Hello, In my ubuntu distribution I have 40 cpu. For my bioinformatics analysis, for instance, to execute an assembly via spades, I would like parallelize tasks using "&". But I don't know how to do that. What will happened when my computer will reach this full capacity? Let say I have 4 samples, should i give 10 cpus each?
From now, I an running my samples in a for loop, and give the full cpu capacity to each sample, without parallelization, but I think there in a clever way to optimize it.
spades.py -1 {sample}_R1.fastq -2 {sample}_R2.fastq -t 40 -o {out_dir}
Thank you!
you'd better use a workflow manager using snakemake or nextflow.

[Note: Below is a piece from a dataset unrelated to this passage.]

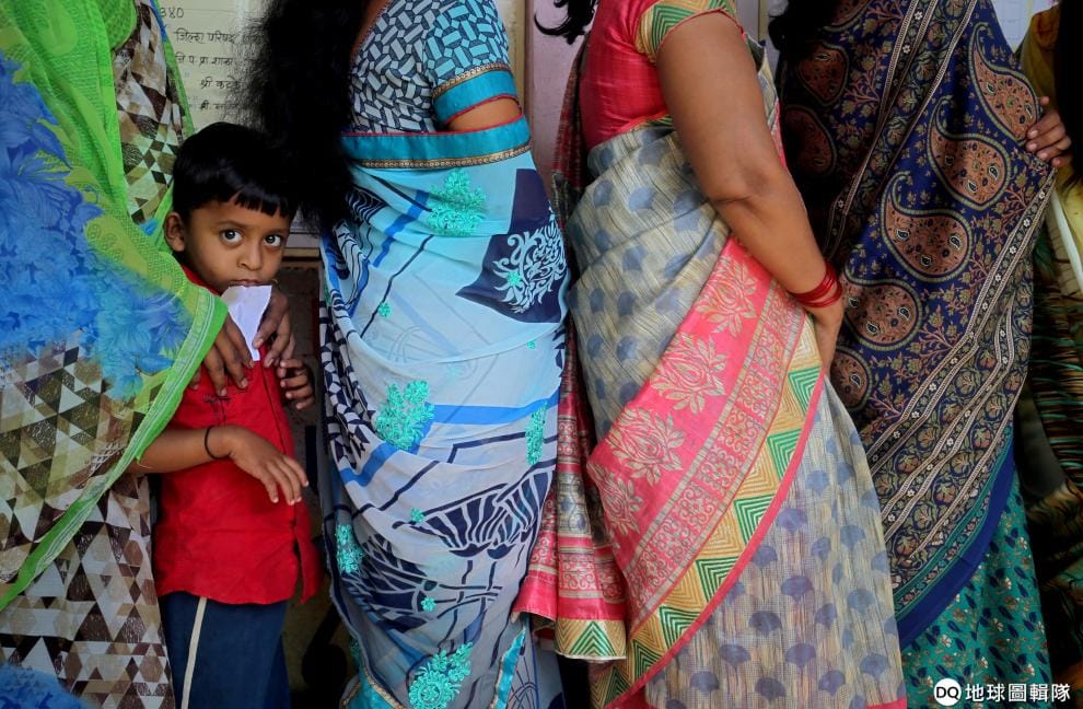 在馬哈拉施特拉邦(Maharashtra)的文化首都浦那(Pune),一名小男孩跟著準備參與印度下議院大選的家人一起排隊。

That you for your answer, You are right, but I am building an app in streamlit that allow the user to see the progression of each sample and process. If I run the whole workflow in nextflow I wouldn't be able to display the progression.
and
If you have 40 cores and you are already using them for one job you can't "parallelize". If you start multiple jobs using the same 40 cores then you will simply end up with contention issues and overall poor experience.
You could use 10 cores each and start 4 jobs in parallel but depending on capability of your computer hardware there would be bottlenecks with input/output etc with the end-result being the same as above.
Sometimes it may be worth doing serial jobs allowing each job to complete utilizing available resources to their full potential.
Understood! Thank you very much for the help